By  on July 22, 2005

NEW YORK — Charlotte Russe Holding Inc. reported a 38.9 percent drop in third-quarter earnings despite a 10.4 percent increase in total sales.

Even with positive trends emerging in its repositioned Rampage chain, the company issued a fourth-quarter earnings projection that could come in below consensus estimates.

In the three months ended June 25, the San Diego-based Charlotte Russe earned $3.3 million, or 14 cents a diluted share, missing Wall Street analysts’ consensus of 17 cents. The quarterly results included a charge of 1 cent a share for the tentative settlement of a labor-related lawsuit. By comparison, the company earned $5.4 million, or 23 cents, in the year-ago quarter. Prior-year results have been restated to reflect changes to the company’s lease accounting practices.

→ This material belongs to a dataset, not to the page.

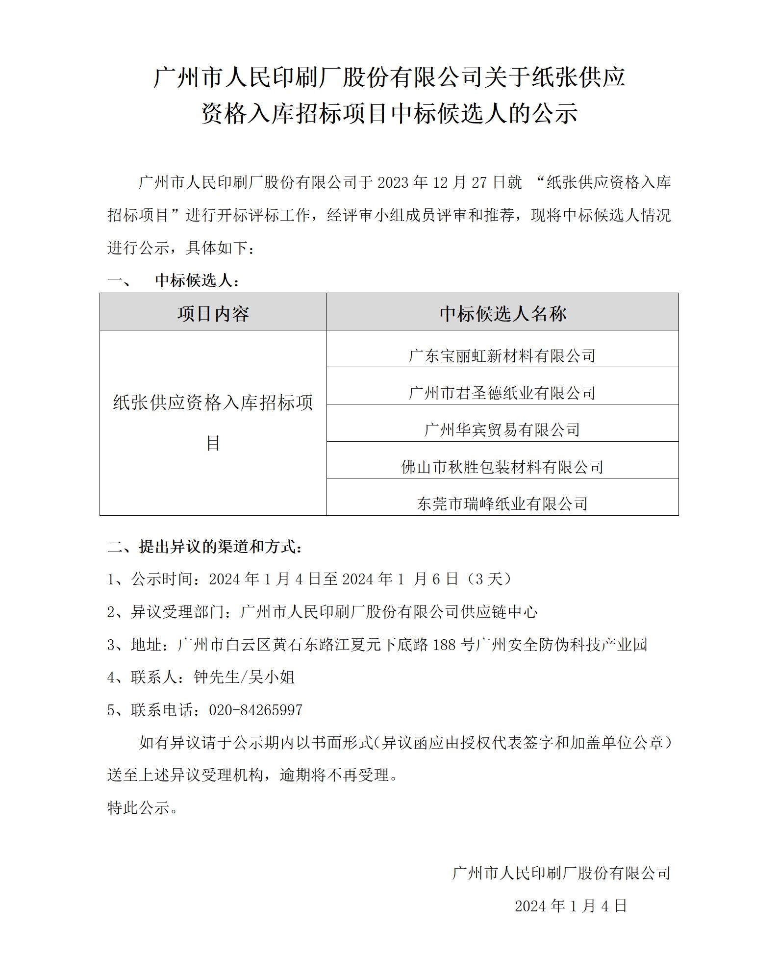 广州市人民印刷厂股份有限公司关于纸张供应资格入库招标项目中标候选人的公示

Third-quarter sales rose to $146.9 million from $133 million, but same-store sales fell 0.9 percent.

For the first nine months of fiscal 2005, Charlotte Russe earned $4.7 million, or 20 cents, a decrease of 60.7 percent compared with earnings of $12 million, or 50 cents, a year ago. Total sales in the nine months rose 5.7 percent to $423.8 million from $401.1 million, but same-store sales fell by 4.8 percent.

“While it is hard to see in the numbers just reported for the quarter, I believe much progress was made by the merchandising teams in both Charlotte Russe and Rampage during the quarter,” Mark Hoffman, chief executive officer of Charlotte Russe, said during a conference call with analysts. He noted that an earlier Easter shifted sales from the third quarter to the second, which affected the period’s results. He said sales picked up in June, a trend the company expects will continue.

Charlotte Russe has struggled with the repositioning of its Rampage stores, which began last August. Rampage now offers fashionable merchandise at price points below more aspirational brands, Hoffman said.

He expressed optimism that the concept is on the right track, noting that same-store sales for the chain were up in the double digits during both May and June.

“Rampage has turned,’’ Hoffman said. “It continues building customer recognition and it is just beginning to build its market share.

Nevertheless, Hoffman guided fourth-quarter earnings per share to 16 to 20 cents; analysts’ consensus is for 20 cents. The company earned 13 cents last year. He said the company needs to see a continuation of regular-priced selling from apparel.